Antisocial Swarm Robots
Small avoidance-driven robots prompt visitors to project character, emotion, and social behaviour onto code.
Alex May developed Antisocial Swarm Robots with Anna Dumitriu as a robotic installation built around a simple rule: each small machine tries to avoid anything that enters its personal space. Inside a low enclosed arena, the robots circle, collide, retreat, and sometimes disable one another, producing behaviour that feels nervous, territorial, and unexpectedly social. The work is less about technical complexity than about how quickly visitors read intention, mood, and character into moving systems.
The robots do very little, but viewers do a great deal. They infer temperament, conflict, and social hierarchy from repeated avoidance routines, building narratives faster than the machines can justify them. That quick conversion of behaviour into meaning is central to May’s practice, where technological systems often reveal as much about human projection as about the code itself.
Additional notes
- Created in collaboration with Anna Dumitriu.

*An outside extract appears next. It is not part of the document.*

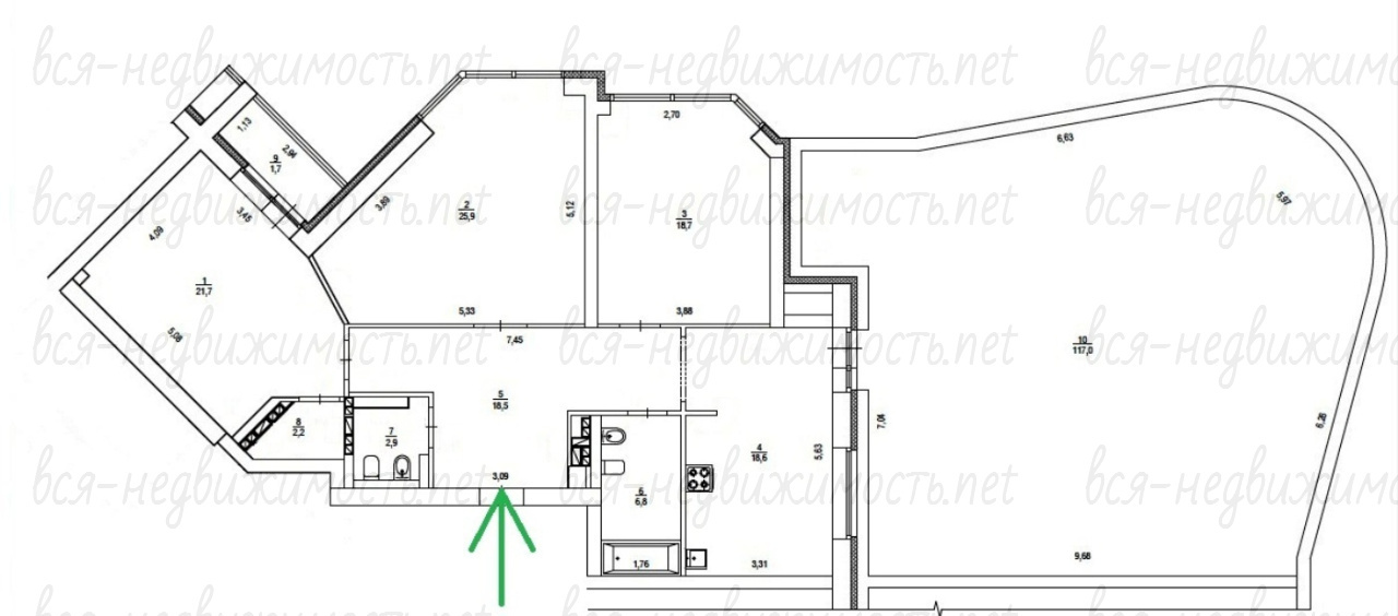 | Площадь кухни: | 19 м2 |

- Developed from a prototype shown at the Royal Academy of Arts, London, during Digital (Dis)connections: Ai Weiwei Late in 2015.

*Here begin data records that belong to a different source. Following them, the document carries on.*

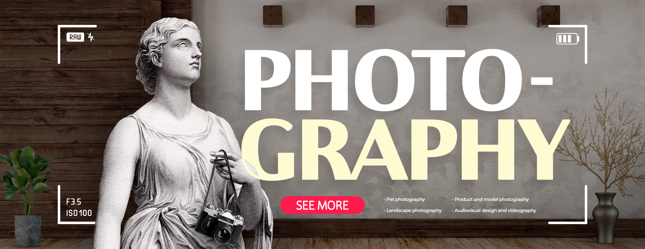 We're here for you or your business to immortalize your most important moments. Pet photography, product and model photography, landscape photography, audiovisual design, and videography.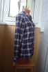 Рубашка актуальной клетчатой расцветки. В тон клетки, красивого серого цвета планка для кнопок, воротник изнутри, манжеты изнутри и петелька сзади под кокеткой на спинке.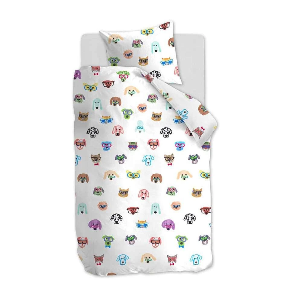 Dekbedovertrek In Your Face van Ambiante heeft een opdruk van grappige dieren in leuke en vrolijke kleuren. De achtergrond is wit. Met dit dekbedovertrek creëer je moeiteloos een gezellig en vooral vrolijk sfeertje in de slaapkamer. Dit dekbedovertrek is gemaakt van 100% katoen en voelt fijn en zacht aan. Het dekbedovertrek heeft over de gehele breedte aan beide zijden een dubbele instopstrook waardoor het dekbedovertrek gemakkelijk onder het matras gestopt kan worden en koude voeten worden voorkomen. Het dekbedovertrek heeft aan de voor- en achterzijde hetzelfde dessin. Het overtrek kan gewassen worden tot 60 graden, is geschikt voor de wasdroger en kan gestreken worden. Dankzij de hoogwaardige kwaliteit blijft dit overtrek ook na het wassen mooi van vorm en kleur. Met bijpassende kussensloop.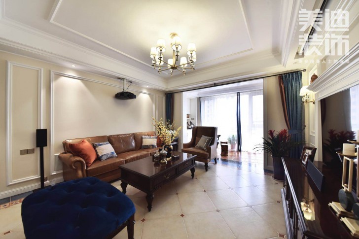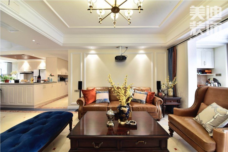 △沉穩厚重的茶幾,質地柔軟的棕色皮沙發優雅舒適,再加上橙色、藍色絲絨抱枕的點綴,給人以溫馨的感覺。

- Commissioned by Science Gallery Dublin for Humans Need Not Apply, shown from 10 February to 21 May 2017.
- Later exhibited at QUAD Derby in Our Friends Electric, Lodz Design Festival, IMPAKT in Utrecht, Schaumbad Graz in Machine Divas, and Ugly Duck, London, in Intelligent Machinery.
- Built from small mobile robots using ultrasound sensing and identical control code to generate emergent behaviour.